▶ WHAT THIS TASK INVOLVES
Beginning at the top of the entries below, retype each line exactly until the line containing "Contents: 1 x Dress" has been written out; include no pictures and no later lines.

BEGIN SOURCE MATERIAL

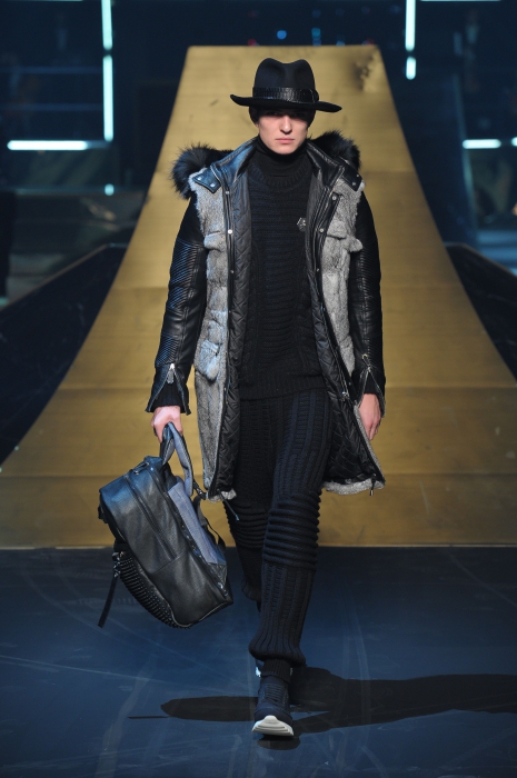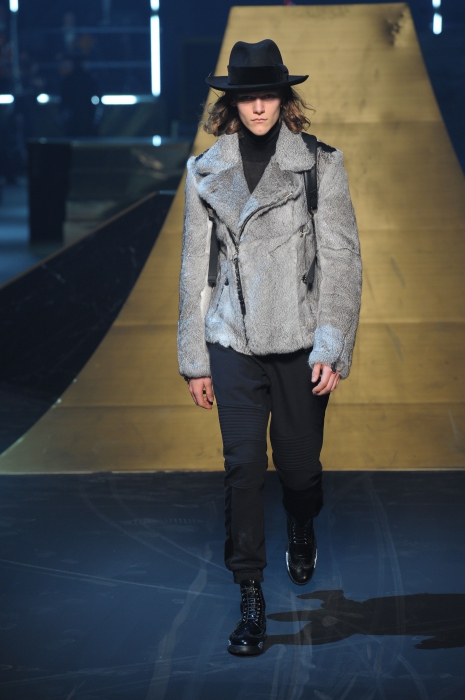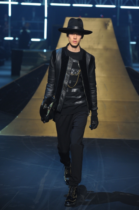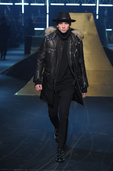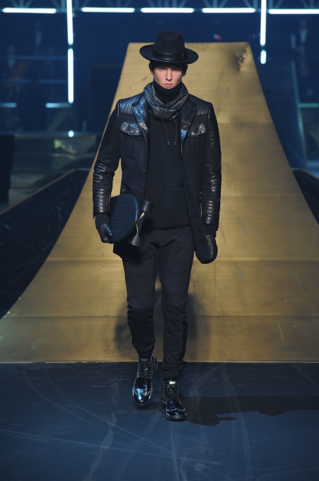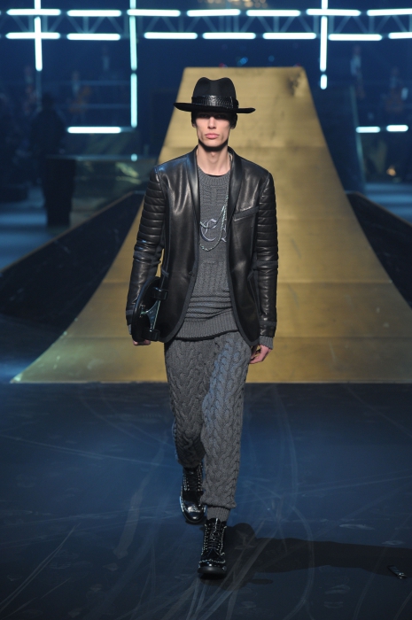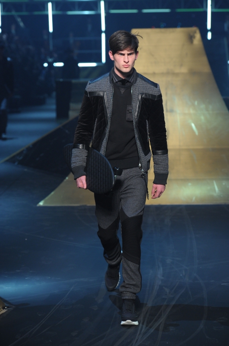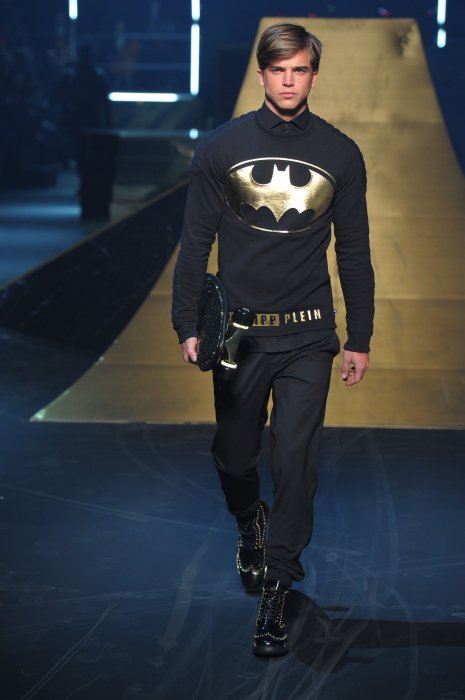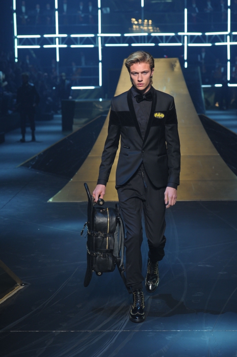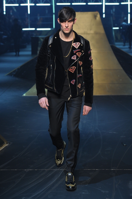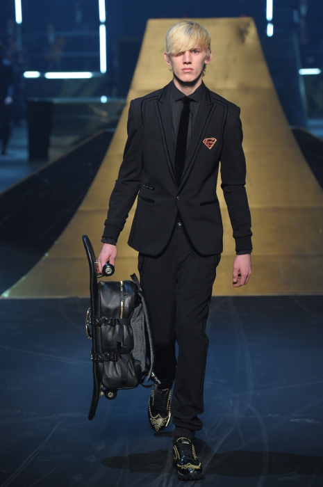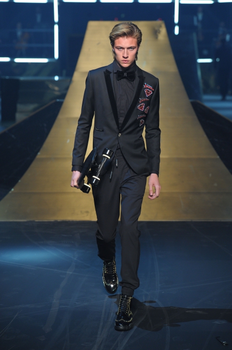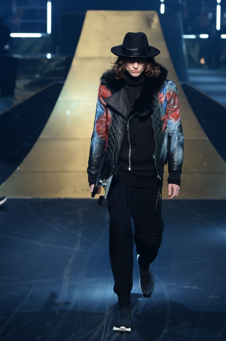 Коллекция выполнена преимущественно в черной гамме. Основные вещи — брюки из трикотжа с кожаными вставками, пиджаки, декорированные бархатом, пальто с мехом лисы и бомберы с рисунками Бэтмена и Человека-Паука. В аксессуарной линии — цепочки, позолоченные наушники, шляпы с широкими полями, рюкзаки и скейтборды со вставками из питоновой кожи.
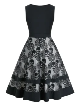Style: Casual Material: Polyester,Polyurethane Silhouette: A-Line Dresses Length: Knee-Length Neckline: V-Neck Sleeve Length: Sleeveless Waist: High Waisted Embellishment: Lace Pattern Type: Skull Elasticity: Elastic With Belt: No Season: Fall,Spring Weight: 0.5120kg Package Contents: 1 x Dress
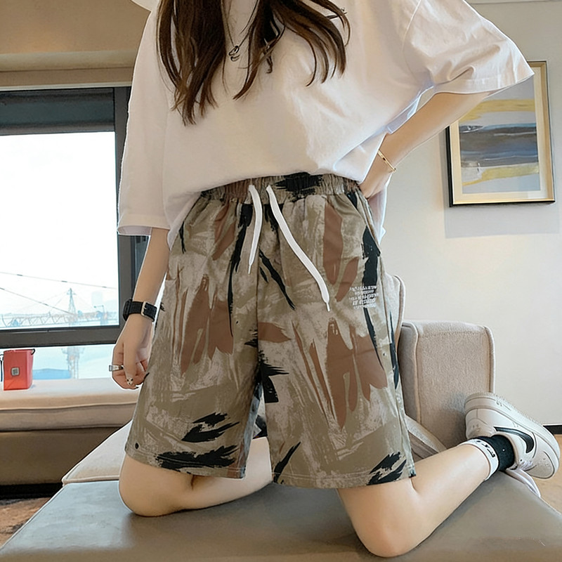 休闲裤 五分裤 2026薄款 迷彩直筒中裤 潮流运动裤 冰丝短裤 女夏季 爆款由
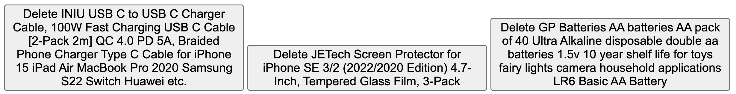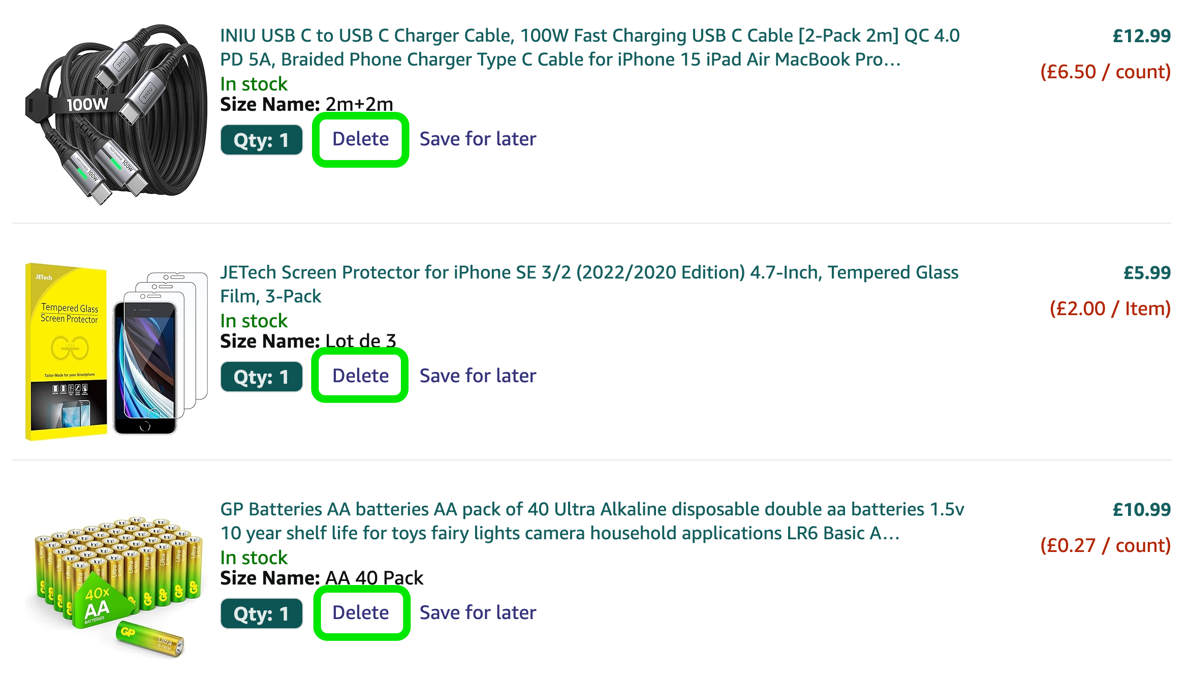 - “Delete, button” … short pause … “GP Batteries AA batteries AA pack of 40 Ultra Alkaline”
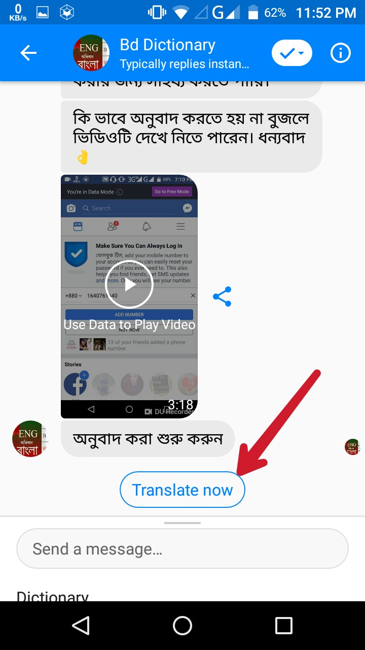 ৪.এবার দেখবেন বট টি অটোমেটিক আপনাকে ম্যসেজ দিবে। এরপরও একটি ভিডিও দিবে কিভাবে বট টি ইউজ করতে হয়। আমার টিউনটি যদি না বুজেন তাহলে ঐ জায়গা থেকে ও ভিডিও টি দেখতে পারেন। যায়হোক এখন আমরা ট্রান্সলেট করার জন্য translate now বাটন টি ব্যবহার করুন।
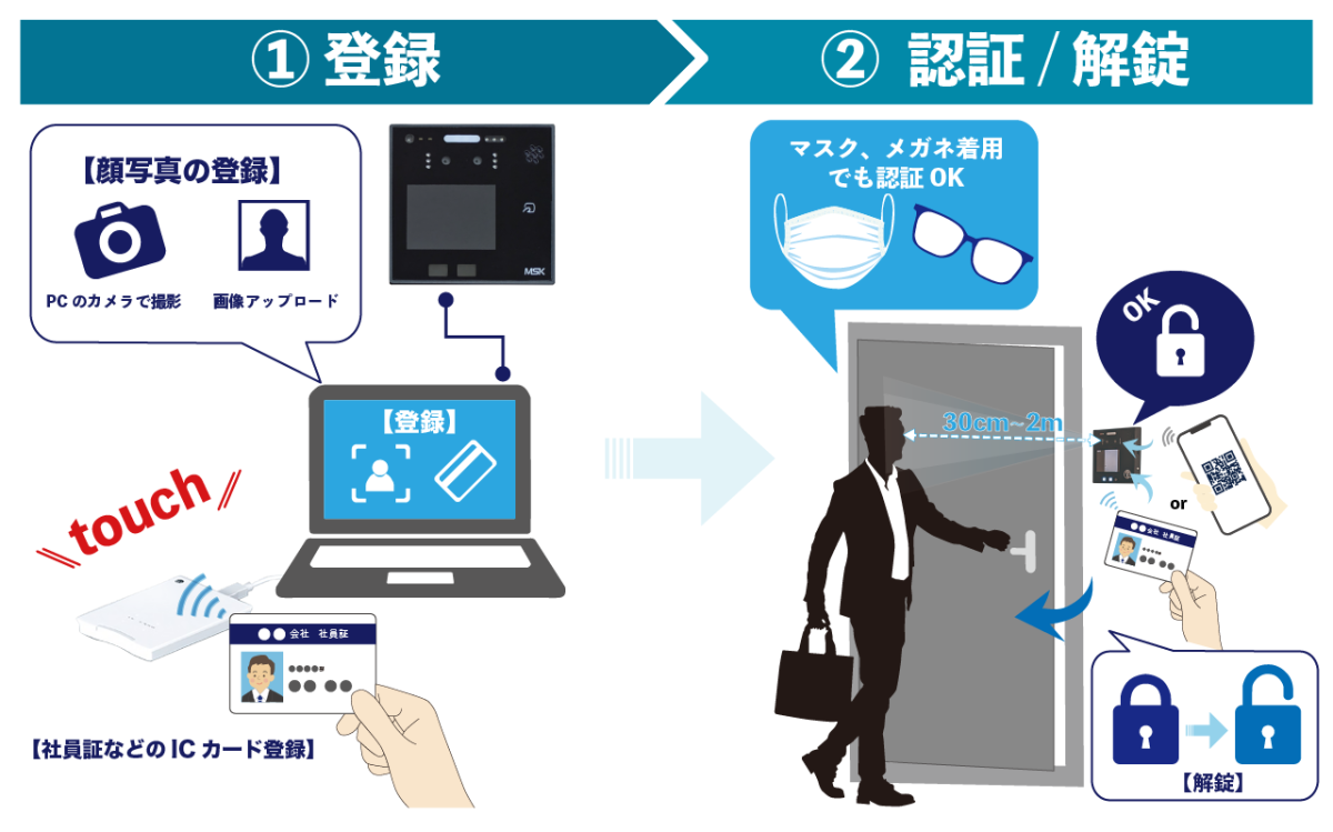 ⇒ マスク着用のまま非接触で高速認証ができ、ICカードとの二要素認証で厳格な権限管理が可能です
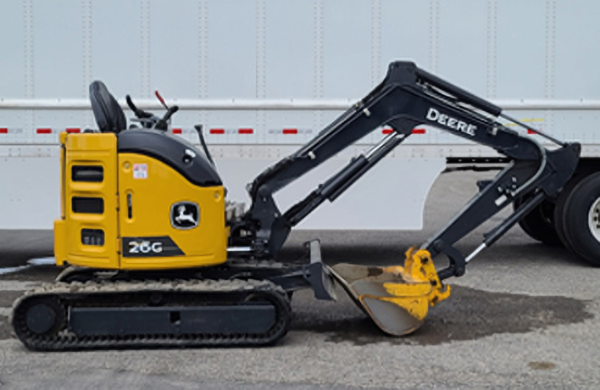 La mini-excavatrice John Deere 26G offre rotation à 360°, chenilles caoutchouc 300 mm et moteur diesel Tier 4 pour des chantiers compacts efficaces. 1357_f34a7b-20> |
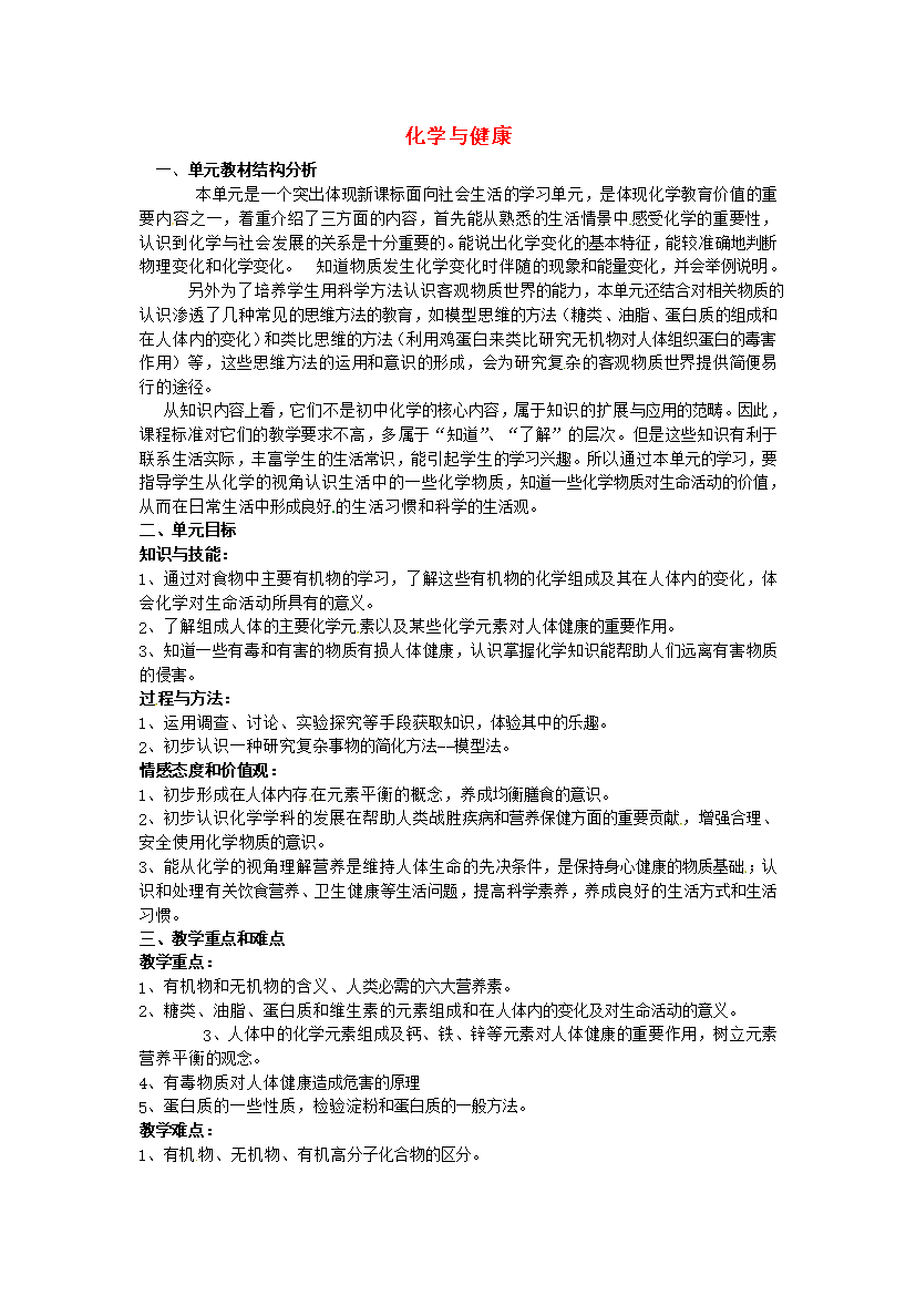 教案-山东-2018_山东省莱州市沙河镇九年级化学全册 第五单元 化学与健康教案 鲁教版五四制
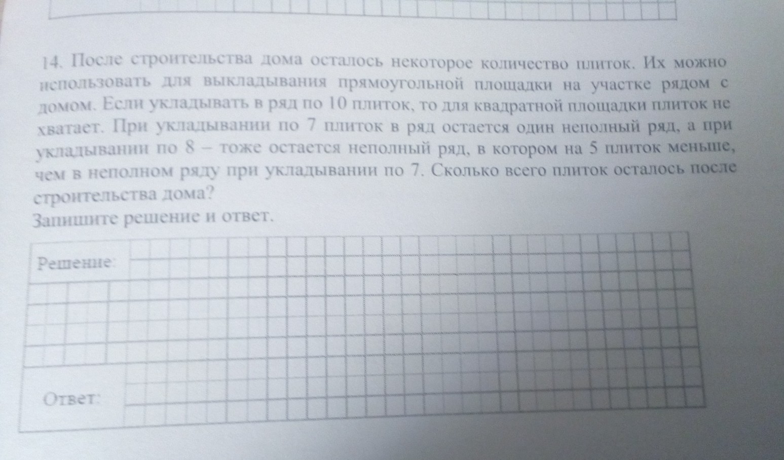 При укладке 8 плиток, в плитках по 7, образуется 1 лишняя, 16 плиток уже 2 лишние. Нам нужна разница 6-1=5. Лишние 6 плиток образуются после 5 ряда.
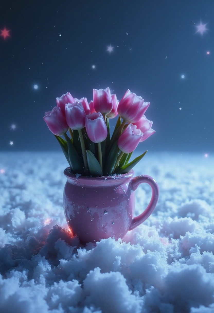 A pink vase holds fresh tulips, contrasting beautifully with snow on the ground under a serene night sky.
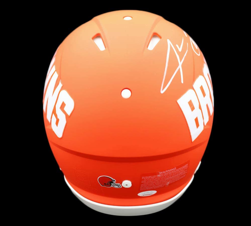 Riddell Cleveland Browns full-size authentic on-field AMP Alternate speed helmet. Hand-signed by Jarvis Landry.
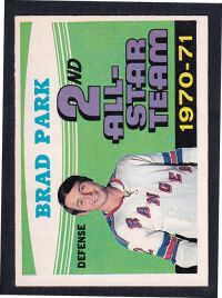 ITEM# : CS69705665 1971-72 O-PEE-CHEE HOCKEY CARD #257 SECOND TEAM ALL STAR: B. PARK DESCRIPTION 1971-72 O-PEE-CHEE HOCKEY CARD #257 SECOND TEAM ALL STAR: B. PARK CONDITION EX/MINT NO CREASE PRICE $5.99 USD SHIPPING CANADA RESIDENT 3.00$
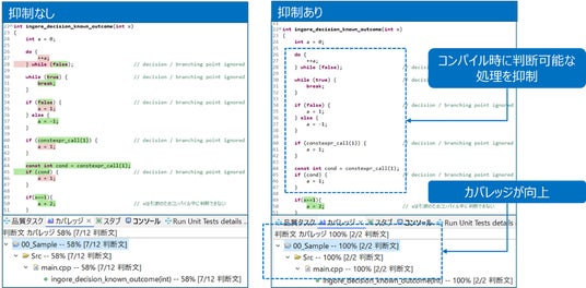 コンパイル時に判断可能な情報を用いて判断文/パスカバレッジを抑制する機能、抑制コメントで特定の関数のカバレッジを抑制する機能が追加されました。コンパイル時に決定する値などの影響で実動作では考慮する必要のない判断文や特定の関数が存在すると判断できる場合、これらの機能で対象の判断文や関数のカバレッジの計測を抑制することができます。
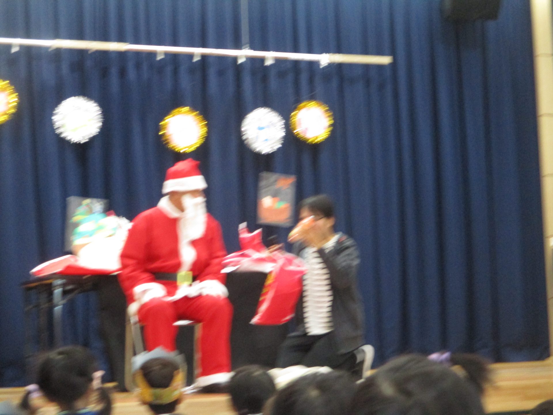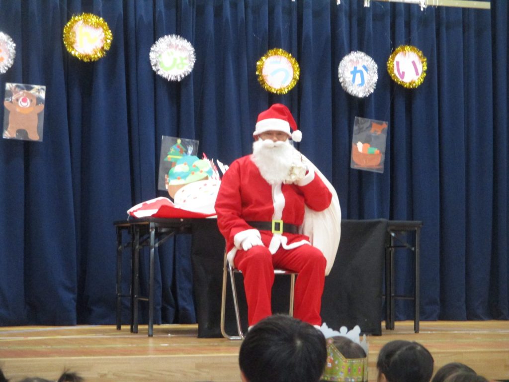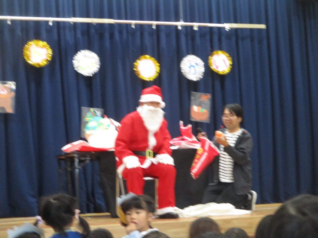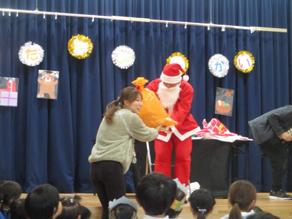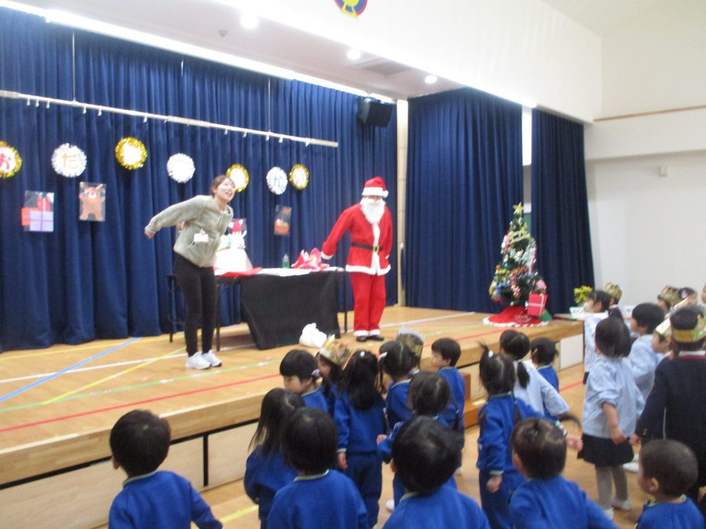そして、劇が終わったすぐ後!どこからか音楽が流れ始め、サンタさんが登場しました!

END SOURCE MATERIAL

▶ COMPLETED EXERCISE
 Коллекция выполнена преимущественно в черной гамме. Основные вещи — брюки из трикотжа с кожаными вставками, пиджаки, декорированные бархатом, пальто с мехом лисы и бомберы с рисунками Бэтмена и Человека-Паука. В аксессуарной линии — цепочки, позолоченные наушники, шляпы с широкими полями, рюкзаки и скейтборды со вставками из питоновой кожи.
Style: Casual Material: Polyester,Polyurethane Silhouette: A-Line Dresses Length: Knee-Length Neckline: V-Neck Sleeve Length: Sleeveless Waist: High Waisted Embellishment: Lace Pattern Type: Skull Elasticity: Elastic With Belt: No Season: Fall,Spring Weight: 0.5120kg Package Contents: 1 x Dress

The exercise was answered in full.